Midler não conseguia deixar de sentir-se triste por ver que alguém tão jovem e talentosa como ela já havia se desvirtuado tanto. Não conseguia perceber maldade ou malícia em seus olhos, apenas um medo profundo. Ele não tinha muitos anos a mais que aquela menina e não conhecia sua história ou o que a teria levado a se tornar uma ladra, mas se sentia tocado pelo que via. Ao erguer a cabeça e olhar para a entrada do beco, encontrou Laertes caminhando calmamente em sua direção.

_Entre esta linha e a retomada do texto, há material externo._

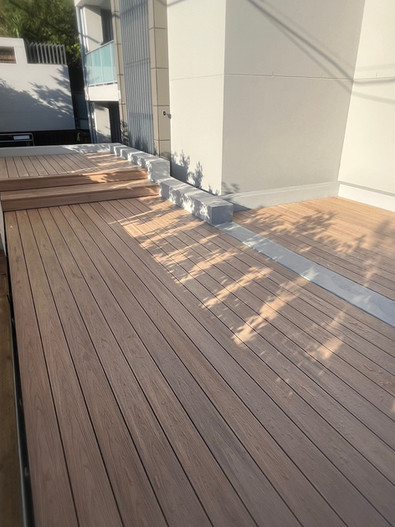 Seamless Platform Leveling: The outdoor platform was levelled to match the existing subframe, flush with the door sill for a smooth transition using Modelo Deck in the Teak Colour

– O que temos aqui então, jovem discípulo de Sandren? – a voz do mentor estava tranquila como sempre, mas seu tom era solene, como em um julgamento.

Com as palavras de Laertes, a menina ergueu a cabeça e olhou surpresa para Midler. Já ouvira muitas estórias sobre a Torre dos Paladinos e dos grandes guerreiros que viviam nela, pois estas eram contadas com entusiasmo e admiração pelas crianças e com temor e raiva pelos ladrões e ela conhecia bem estas duas versões. Por um instante, seu entusiasmo sobrepujou o medo que sentia e seus olhos brilharam.

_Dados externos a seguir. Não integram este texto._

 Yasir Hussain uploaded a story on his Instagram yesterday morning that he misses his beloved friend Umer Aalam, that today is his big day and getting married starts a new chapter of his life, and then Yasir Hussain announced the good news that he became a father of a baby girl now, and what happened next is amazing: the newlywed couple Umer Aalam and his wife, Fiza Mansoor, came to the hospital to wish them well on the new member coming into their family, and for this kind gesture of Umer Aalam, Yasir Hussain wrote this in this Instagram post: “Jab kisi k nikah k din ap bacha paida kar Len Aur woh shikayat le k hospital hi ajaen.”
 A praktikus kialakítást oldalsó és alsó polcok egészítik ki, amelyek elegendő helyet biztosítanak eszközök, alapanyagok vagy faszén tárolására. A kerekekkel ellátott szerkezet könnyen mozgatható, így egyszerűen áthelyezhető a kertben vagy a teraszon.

– Infelizmente, meu mentor, uma jovem e habilidosa ladra – voltou-se para ela, curvando-se até que seus olhos estivessem na mesma altura dos dela – Qual o seu nome, menina?

– Budir, piedoso senhor, Brans Budir, sua criada – um largo sorriso se desenhou no rosto da jovem, o melhor que ela sabia fazer, enquanto se curvava tão respeitosamente quanto seu braço, ainda seguro firmemente pelo discípulo, permitia.

Laertes podia perceber facilmente a tristeza na voz de Midler e se admirou pelo mais austero discípulo que já conheceu, sempre a se cobrar em demasia, estar tratando aquela menina com brandura e não com o rigor que esperaria dele, mas não permitiu que Midler percebesse sua surpresa, mantendo seu semblante grave.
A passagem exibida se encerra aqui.